Edit: Thanks for several helpful comments. To give some background, possibly answering some of the replies: The practical side, slightly simplified, is that I defined iterator wrappers, i.e., custom iterator classes whose implementation depends on an existing ("wrapped") iterator. The type of the wrapped iterator is given as a template parameter and the wrapped iterator is given as a constructor argument. I carelessly assumed that I could define operator->()
in the wrapper class as &*wrapped_iterator
. This worked on clang, gcc, MSVC release build, and even in MSVC debug build for non-contiguous iterators. However, it resulted in assertion failures on MSVC's debug build for contiguous iterators, in functions like std::vector::assign(first,last)
where first and last are wrappers around contiguous iterators and first and last are both past-the-end iterators. The reason was that MSVC's vector::assign
invokes std::address_of(first)
even if first==last
, which I didn't anticipate. In turn, address_of
invoked first.operator->()
for my contiguous iterator wrapper. Since I had defined operator->()
as &*wrapped_iterator
, it invokes operator*
in the wrapped iterator whose behavior under the given conditions is undefined. In this particular case it resulted in an assertion failure, because MSVC's debug mode has special code that checks things like this (_ITERATOR_DEBUG_LEVEL
).
So I need to change my iterator wrapper's implementation of operator->()

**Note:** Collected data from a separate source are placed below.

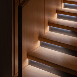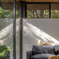 Throughout the home, carefully curated moments enhance both daily rituals and larger gatherings. A reading and TV nook balances intimacy with framed views, while the reimagined main suite—perched above the landscape—provides a serene, spa-like retreat. Every space is designed to respond to its surroundings, whether capturing morning light through clerestory windows or opening wide to evening breezes off the water. A restrained interior palette of white oak and mild steel brings warmth and clarity, while a sophisticated, customizable lighting system subtly transforms the home’s atmosphere from day to night.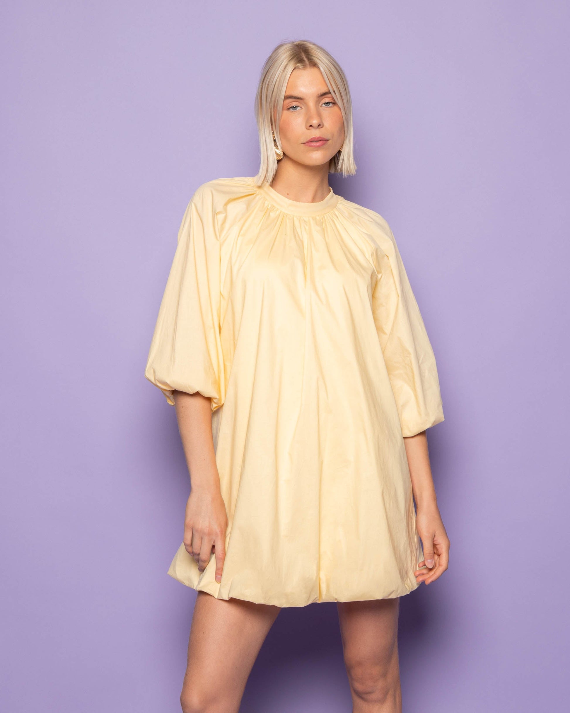 De jurk is gemaakt van een botergele, katoenen stof. De jurk heeft een knoopsluiting in de nek en is puffy aan de onderkant.
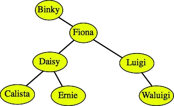 For example, suppose that we want to insert Calista into the above tree. We try to find the string as we did above. We fail at Daisy's left child, which doesn't exist. Therefore, we create a node for Calista and insert it as Daisy's left child: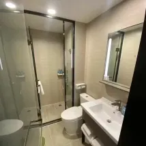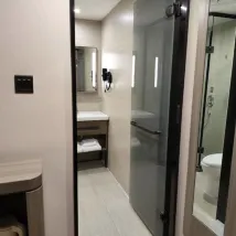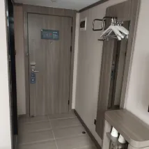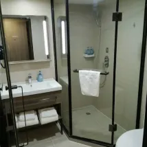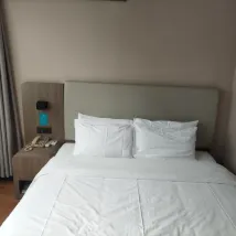Es ist ein gewöhnliches Budget-Hotel, es ist in Ordnung, eine Nacht zu bleiben, wenn man etwas in der Nähe hat, und es ist nicht teuer. Der Raum ist nicht so groß, wie es sich anhört. Das Klebeband an der Badezimmertür ist teilweise abgezogen, aber es beeinträchtigt die Nutzung trotzdem nicht. Essen zum Mitnehmen wird von Robotern geliefert. Sie können beim Auschecken auch an der Rezeption nach einer weiteren Flasche Wasser fragen, was sehr praktisch ist.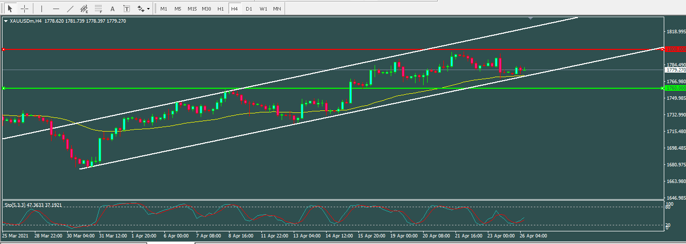คาดการณ์ราคาทองคำ – ราคาทองคำทดสอบแนวรับของช่อง – บทวิเคราะห์ – 26-04-2021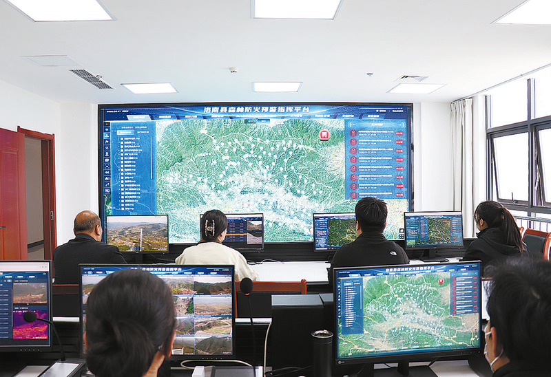 洛南縣森林防火預(yù)警指揮平臺(tái)指揮大廳內(nèi),工作人員實(shí)時(shí)關(guān)注全縣森林防火情況。
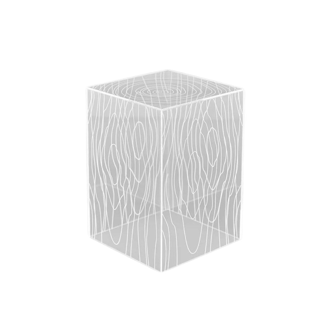 Embrace the fusion of nature and modern design with the Timber Table. The woodgrain patterns onto acrylic creates a stunning five-sided box, perfect for adding a touch of sophistication to any space. Flip it over and use it as a unique storage piece.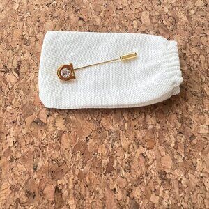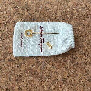 Ferragamo Men 2pc Gancini Gold Tone Crystal Lapel Scarf Tie Stick Pin NWOT
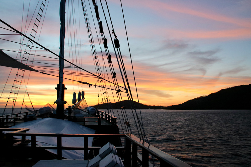 La giornata a bordo della Dewi Nusantara inizia dolcemente, con i primi raggi di sole che attraversano l’orizzonte. Ancorata in acque turchesi, la goletta offre viste panoramiche su isole incontaminate e barriere coralline immacolate. Il ritmo delle onde che lambiscono lo scafo e i richiami lontani degli uccelli marini creano una sinfonia rilassante.

. My first idea was to make it invoke operator->()
on the wrapped iterator. However, that is not guaranteed to be defined (see the accepted answer). What I have to do, is invoke std::to_address
on the wrapped iterator.
By my reading of the standard, a random_access_iterator
is not required to define operator->
. Thus, generic algorithms must only use operator*
. Of course concrete iterators are allowed to define additional methods, AFAIK the standard poses no requirements on those. So a non-contiguous iterator with UB in end.operator->()
should be fine; C++20 algorithms should not be calling operator->
at all.
(I think the rationale here is that some iterators might want to return elements by value, but operator->
is required to return a pointer. So those iterators are forced to not define any operator->
.)
It's only contiguous_iterator
that introduces the operator->
requirement (indirectly via std::to_address
). There, despite the common "obviously it's undefined behavior" reflex in the comments here, it must not have undefined behavior: std::to_address
(c) ==
std::to_address
(a) +
std::iter_difference_t
<I>(c - a)
must hold even when c
is a past-the-end iterator. This makes sense when you consider that a past-the-end contiguous iterator can be converted to a past-the-end pointer via &c.operator->()
.
The situation is different for legacy iterators (pre-C++20 algorithms): these expect that a->m
is equivalent to (*a).m
([input.iterators]
table). This also allows UB for non-contiguous iterators.
Note that these legacy iterator requirements are still used in C++20, e.g. for std::sort
; it's only the newer C++20-only functions like std::ranges::sort
that use the new concept-based iterator requirements.
(by the way, these language-lawyer question should be based on the actual standard text, not cppreference. Though in this case it turns out there's no significant difference between them.)